A: Smyth’s remarkable capacity to network widely with luminaries of her time has ensured that she remains a person of interest to many communities both within and beyond music. She moved to Continental Europe in 1877 initially with a view to training at the Leipzig Conservatorium, being based in Germany for over a decade and coming into contact with Brahms, Clara Schumann, Grieg, and Chaikovsky. Returning to England in the late 1880s, she elicited attention from influential figures including Empress Eugénie (the exiled widow of Napoleon III, then living at Farnborough Hill just a couple of miles from Smyth’s family home), Queen Victoria, and Princesse de Polignac, herself a well-known patron of the arts. Later in her life, she was to find a particularly powerful musical ally in Thomas Beecham, as well as Donald Tovey, who, as Reid Professor of Music at Edinburgh University, compared her Mass in D favourably to the Missa Solemnis in the same key by her lifelong favourite composer, Beethoven. Smyth’s works also came to the attention of the conductors Bruno Walter and Adrian Boult, as well as George Bernard Shaw, in his capacity as music critic.
Q: As a composer, author, and suffragette, which of Smyth’s activities were ultimately the most important?

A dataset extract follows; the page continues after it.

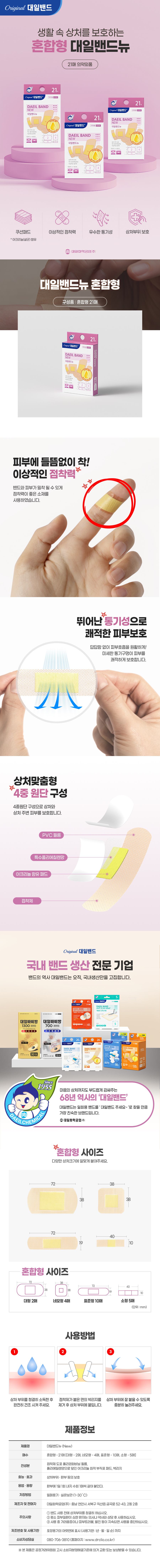 | - 반창고의 대명사, 진짜 대일밴드 - 상처 크기에 맞게 골라 쓸 수 있게 4타입 혼합형 | ||||

A: History tends to remember Smyth chiefly as a composer, and secondarily as a writer and suffragette. That’s not to say that her activities in these other areas weren’t significant – and certainly not to downplay those achievements, for which she would doubtless be remembered even were it not for her musical career. But she herself acknowledged, in her memoirs, that music was her first ‘string’ and literature her second. It’s important to bear in mind that Smyth broke substantial new ground at a time when it was all but unheard of for a woman – let alone a British one, prior to the ‘musical renaissance’ of the generation that included Elgar and Vaughan Williams – to have successfully pursued an international career in music composition. Famously, in 1903 she became the first female composer to have a work performed at the Metropolitan Opera in New York City, when her Der Wald was presented there (as The Forest); this was an accomplishment that remained altogether without parallel until the production of Kaija Saariaho’s L’Amour de Loin as recently as December 2016.
Q: Why is it important that we remember individuals such as Smyth, especially today, on the centenary of women being granted the right to vote in the UK?
A: Toronto-based company Opera 5 made an excellent point in writing recently that ‘Not many composers can claim that their work directly affected the rights and freedoms of millions of people’. Many of us have probably never heard of Ethel Smyth as a composer, and even fewer of us will have heard her music. But through her contribution to the ‘Votes for Women’ campaign, and through writing the musical anthem that the suffragettes sang loudly and proudly at demonstrations as well as to bolster morale during periods of arrest and imprisonment, she played a significant part in bringing about major political change. That’s why it’s important to continue to remember both Smyth and her involvement with the movement that led to the enfranchisement of over four million women in the UK on 6 February 1918. Smyth was fortunate enough to live to see women receive the vote on equal terms to men in 1928, unlike Emmeline Pankhurst, who tragically had passed away just a couple of weeks previously. It’s rather fitting that Smyth, in her last official act for women’s suffrage, conducted the Metropolitan Police Band in a chorus of ‘The March of the Women’ in 1930 at the unveiling of the statue to Pankhurst in Victoria Tower Gardens adjacent to the Houses of Parliament, where it may still be seen today.